To illustrate, take the very different growth trajectories of East Asia and sub-Saharan Africa over the past generation. Two of the fastest growing economies in the world today happen to be in the two most populous countries, China and India; sub-Saharan Africa, by contrast, has tragically seen declining per capita incomes over the same period. At least part of this difference is the result of globalization: China and India have integrated themselves into the global economy, while sub-Saharan Africa is the one part of the world barely touched by globalization or multinational corporations.
But this raises the question of why India and China have been able to take advantage of globalization, while Africa has not. The answer has largely to do with the fact that the former have strong, well-developed state institutions providing basic stability and public goods. They had only to get out of the way of private markets to trigger growth. By contrast, modern states were virtually unknown in most of sub-Saharan Africa before European colonialism, and the weakness of states in the region has been the source of its woes ever since.
Any project, then, to fix the ills of ”empire” has to begin with the strengthening, not the dismantling, of institutions at the nation-state level.

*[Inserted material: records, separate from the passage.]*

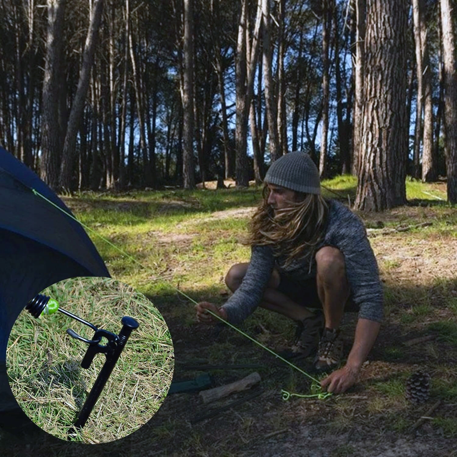 2️⃣ Doskonała przyczepność – Ostra końcówka ułatwia wbijanie w twarde, kamieniste i gliniaste podłoże, zapewniając stabilność namiotu.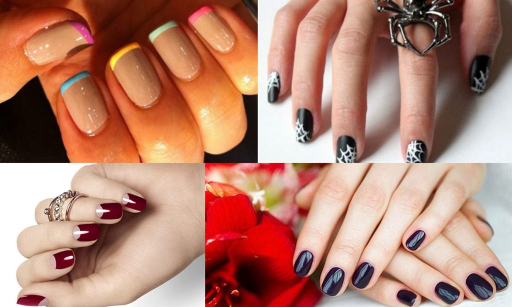 На коротких ногтевых пластинах хорошо выглядит классический или цветной френч. Можно украсить поверхность рисунком, принтом, декоративными элементами. Но не стоит увлекаться – обилие деталей зрительно уменьшает размеры ногтевой поверхности. Однотонное покрытие выглядит привлекательно, если его нанести аккуратно. Желательно остановиться на светлых тонах, поскольку насыщенные оттенки тоже укорачивают ноготь.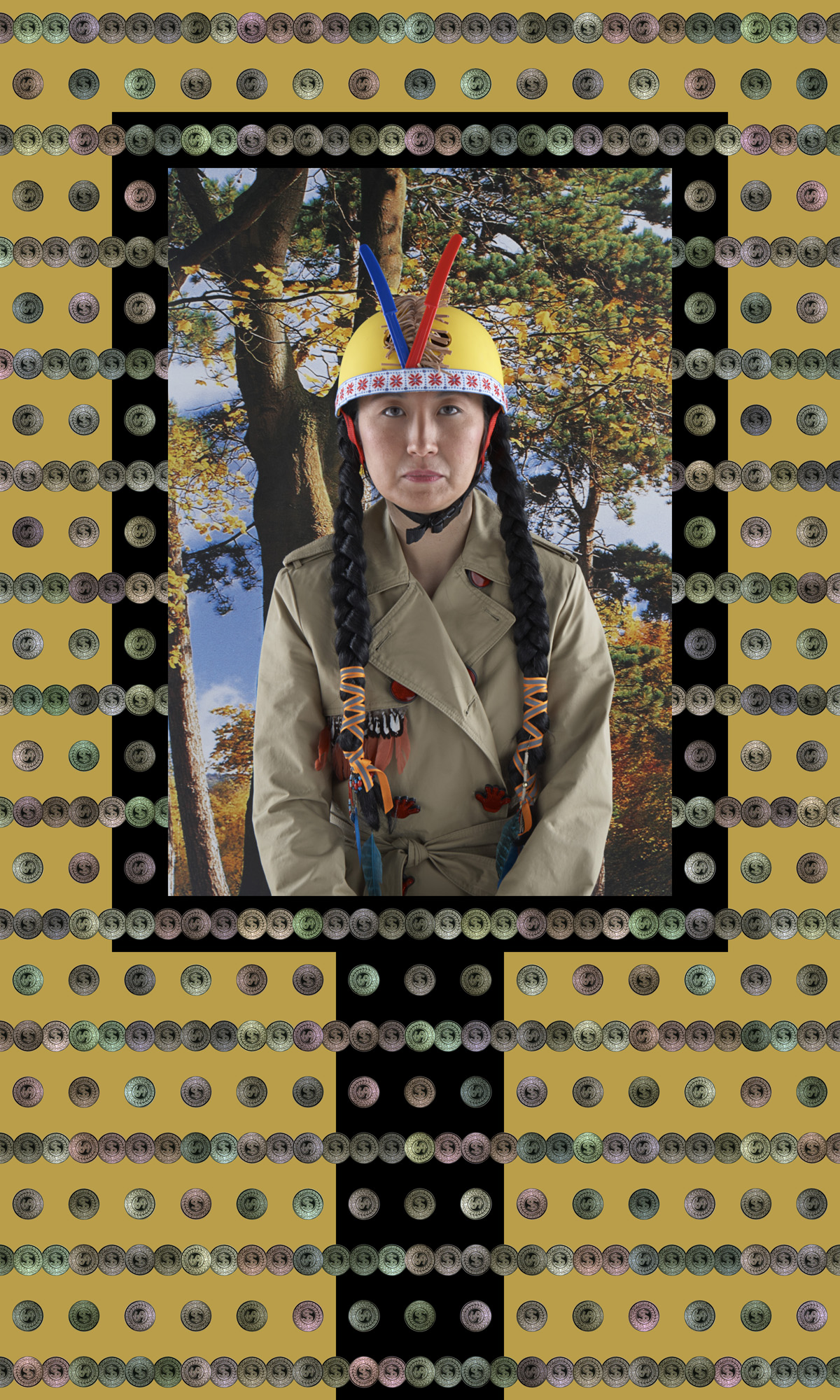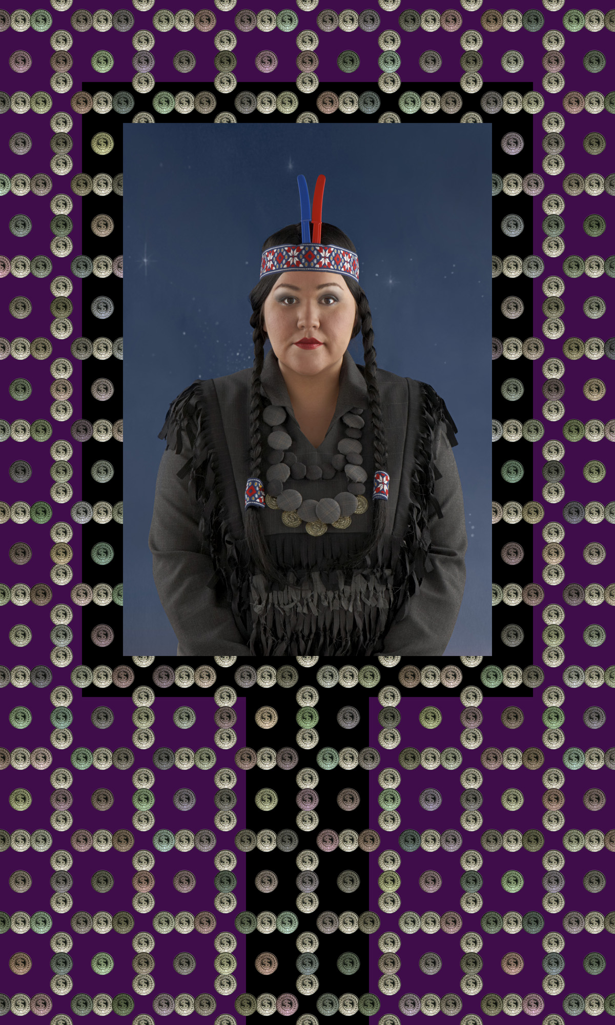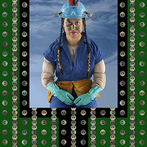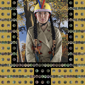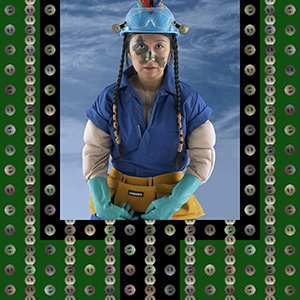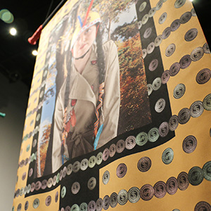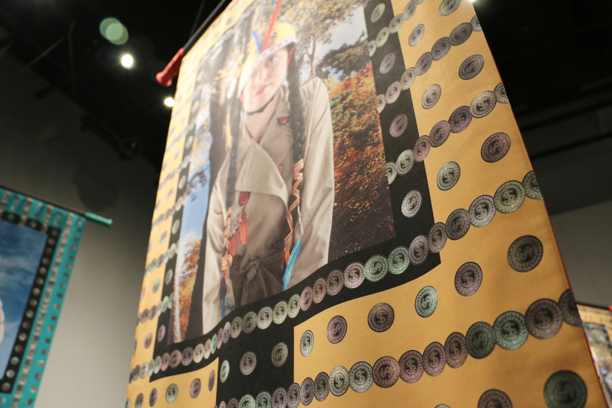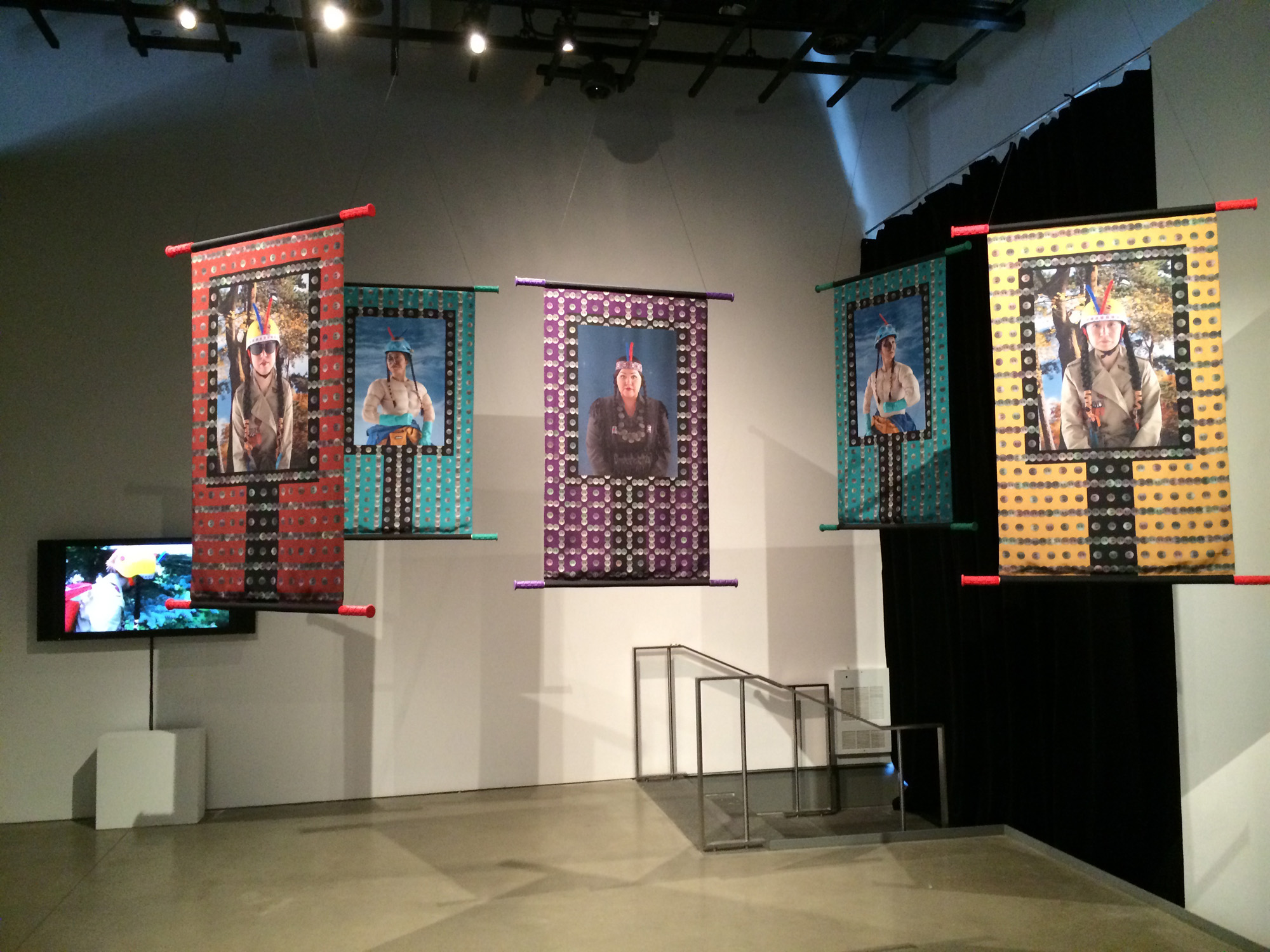 Two-sided photographic fabric banners styled after Thangka cloths hang from the ceiling, rotating on motors. They picture the cast of Maiden Voyage: The Spies, The Workers, and The Maiden.

This will not solve the problems of global governance, but surely any real advance here will come only through slow, patient innovation and the reform of international institutions. Hardt and Negri should remember the old insight of the Italian Marxist Antonio Gramsci, taken up later by the German Greens: progress is to be achieved not with utopian dreaming, but with a ”long march through institutions.”
Francis Fukuyama, a professor of international political economy at Johns Hopkins University, is the author of ”State-Building: Governance and World Order in the 21st Century.”